The race was won in a time of nine minutes and 5.9 seconds and by a distance of 25 lengths by New Zealand-bred Lord Gyllene at odds of 14/1. He was ridden by jockey Tony Dobbin, trained by Steve Brookshaw at his Preston Farm base in Uffington, Shropshire, and ran in the colours of Stanley Clarke. Brookshaw collected £178,146 of a total prize fund of £303,300 shared through the first six finishers. There were two equine fatalities during the race.
The race was originally scheduled to be run on Saturday 5 April at 3:45pm. However, at 2:49pm one bomb threat was made via telephone to Aintree University Hospital in Fazakerley, and three minutes later a second was made via telephone to the police's control room in Bootle, both using recognised codewords of the IRA. At least one device was warned to have been planted within Aintree Racecourse. This was one of several IRA threats in the lead up to the 1997 UK General Election.

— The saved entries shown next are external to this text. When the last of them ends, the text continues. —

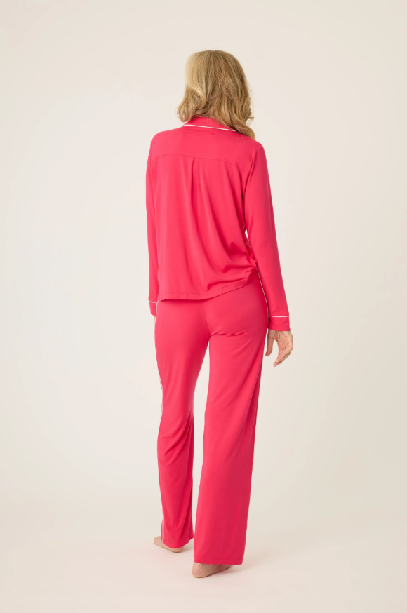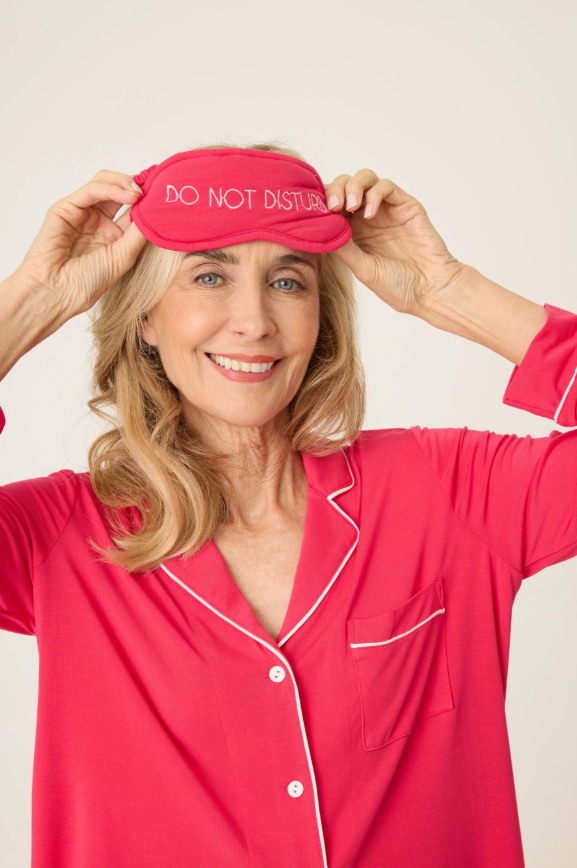 Brighten up your loungewear collection with this bold ruby red collared PJ top and matching tie-waist pants, complete with an embroidered 'do no disturb eye mask' sleep eye mask for added luxury. The vibrant color and comfortable fit make this set a standout for lounging or relaxing in style.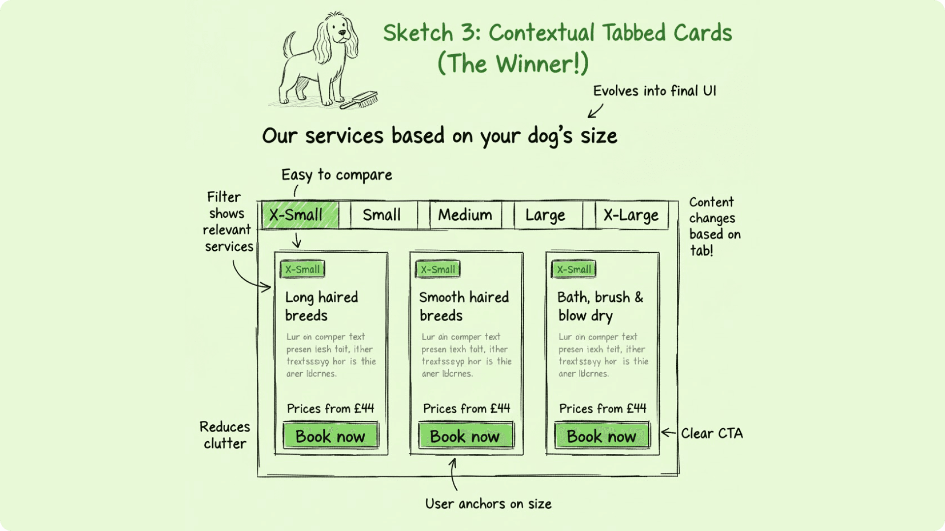 The redesign led to tangible improvements across the booking journey since it allows the user to filter by their primary concern (dog size) and then display all relevant service options in a clear, comparable format for that size.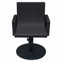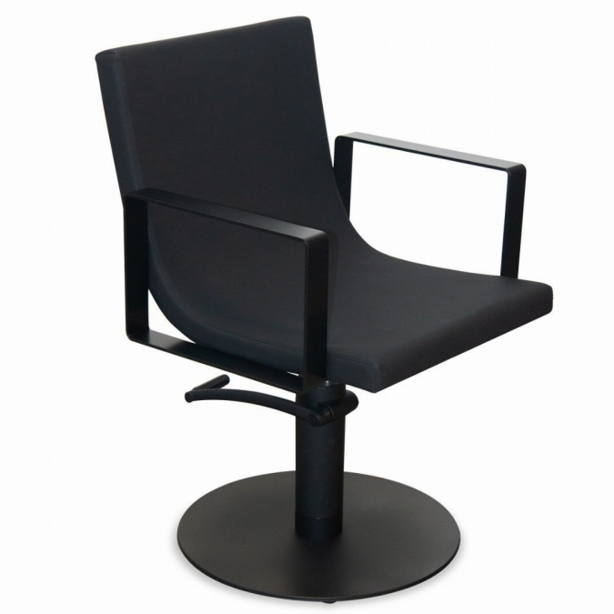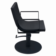 Klädd kundstol med mattsvarta metallarmar på en mattsvart rund stålbas med 360° sväng och hydraulisk, låsbar pump. Stylingstolen Iron Black placerar kunden i en upprätt position samtidigt som det finns utrymme för sidorörelser. Metallarmarna tillåter kunden att ändra position över tiden och förbli bekväm.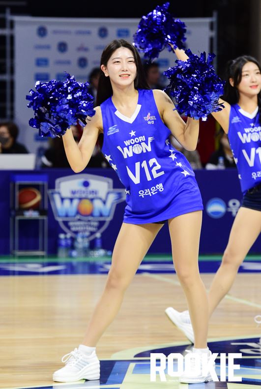 아산에 위치한 이순신빙상장체육관에서 ‘신한은행 SOL 2022~2023 여자프로농구 플레이오프’ 아산 우리은행과 인천 신한은행의 플리이오프 1차전 경기가 열렸다. 안혜지 치어리더가 우리은행을 응원하고 있다.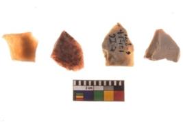 | Description / विवरण | There are n 04 of utilized worked flakes. They show multi-directional irregular scar pattern. Three are tapering on one end. |
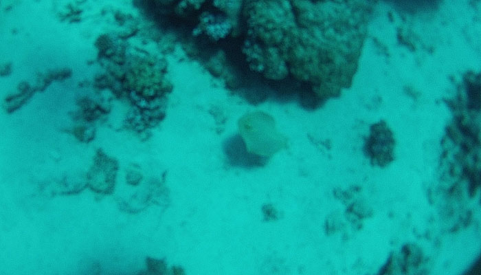 で、ポイントに到着し、早速ダイブ。今回水中撮影は防水のGoProを使うことにしたのだが・・・これ、水の中に入れると、ピントが合わなくなって、ボケボケになっちゃうんですな。最初は単焦点だから、水中で暗くなるから被写界深度浅くなってピントが合わなくなるのかなって思ってたんだけど、よくよく調べてみると、防水ケースの保護ガラスの屈折率の関係らしい。GoProは標準のケースでも防水だからダイビングで使えるかと思っていたのに・・・ちゃんとダイビング用のハウジングキットを買わないとダメだったようだ(GoPro3からは、標準のケースでも水中撮影でこんなことが起こらないようになったらしい)。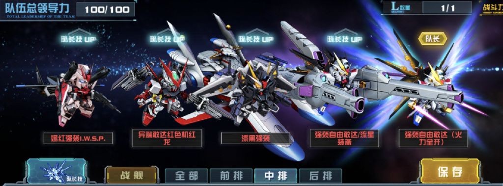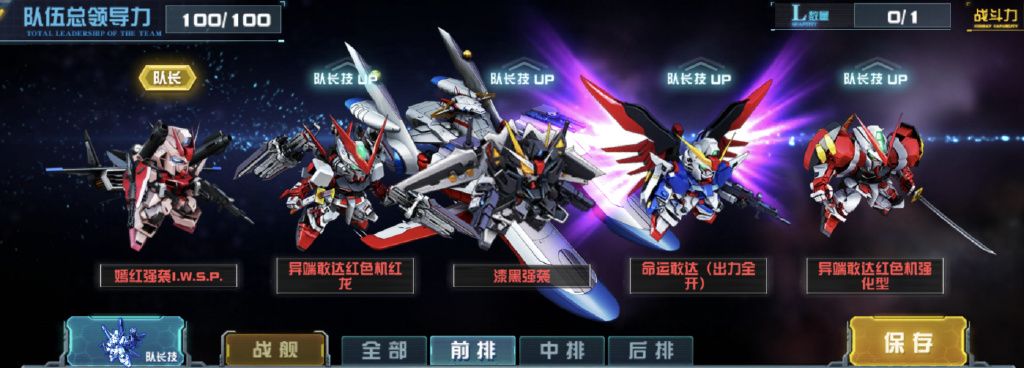 该阵容只有强袭自由敢达(火力全开)一台前排机体,看起来似乎变脆了很多,但是由于加入了拥有优秀闪避能力的漆黑强袭,再加上嫣红强袭I.W.S.P.的4技能可以有效解除Debuff,会达到意想不到的作战效果。

The police evacuated 60,000 people from the course, stranding 20,000 racegoers, media personnel and those connected to the competing horses, as their vehicles remained locked inside the confines of the course. Initially, spectators were evacuated from the stands onto the course itself but after consultation with the police, course clerk Charles Barnett advised via the live broadcast that everyone would have to leave the course completely. The people of Liverpool responded by opening their homes to racegoers stranded overnight in the city, with tens of thousands of temporarily homeless people being offered a bed for the night in the homes around the course. This prompted tabloid headlines such as "We'll fight them on the Becher's", in reference to Winston Churchill's war-time speech We Shall Fight on the Beaches.